Anyway in the current toolbox besides --force-unsafe-io we also have:
- volume or FS snapshots, for similar or better safety but not the
automatic performance gains; probably not (yet?) available on most
systems
- the auto_da_alloc ext4 mount option that AIUI should do The Right
Thing in dpkg's use case even without the fsync, actual reliability and
performance impact unknown; appears to be set by default on trixie
- eatmydata
- io_uring that allows asynchronous file operations; implementation
would require important changes in dpkg; potential performance gains in
dpkg's use case are not yet evaluated AFAIK but it looks like the right
solution for that use case.
BTW for those interested in reading a bit more about the historical and
current context around this issue aka O_PONIES I'm adding a few links at
[2].
but e.g. puppet might become confused
Heh. Ansible wins again.
So no, we cannot drop the fsync(). :\
Nowadays, most machines are unlikely to be subject to power failures at
the worst time: laptops or other mobile devices that have batteries have
replaced desktop PCs in many workplaces and homes, and machines in
datacenters usually have redundant power supplies and
batteries+generators backups. And the default filesystem for new
installations, ext4, is mounted with auto_da_alloc by default which
should make this drop safe, but whether that will result in significant
performance gains is IMO something to be tested.
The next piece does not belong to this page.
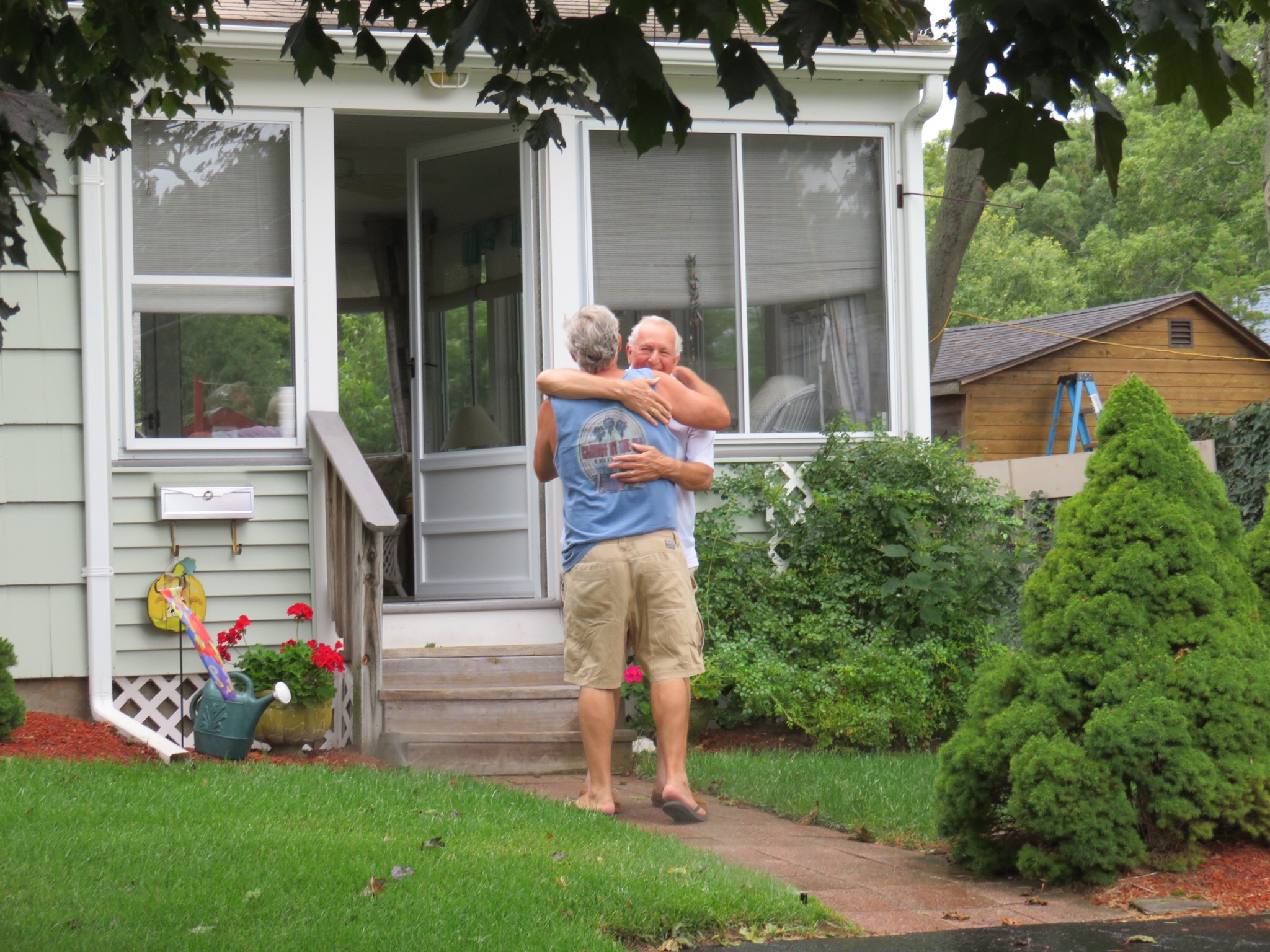 After our celebratory dip in the ocean, we continued on to Narragansett. We parked out in front of the Atlantic Inn where we had stayed for a weekend on our last visit and walked around the sea wall for a moment until a rain squall sent us back into the camper. Drove out past the Coast Guard House, a fine restaurant where the power went out last time we were there and we had to dine in the dark. On past main beach and the Narrow River then on to PJ’s parents home in Warwick.

If the measured performance gain makes it interesting to drop the fsync,
maybe this could become a configuration item that is set automatically
in most cases by detecting the machine type (battery, dual PSU,
container, VM => drop fsync) and filesystem (safe fs and mount options
=> drop fsync) or by asking the user in other cases or in expert install
mode, defaulting to the safer --no-force-unsafe-io.
Cheers,
[1]:
https://learn.microsoft.com/en-us/windows/win32/fileio/deprecation-of-txf
[2]: https://lwn.net/Articles/351422/
https://lwn.net/Articles/322823/
https://lwn.net/Articles/1001770/
--
Julien Plissonneau Duquène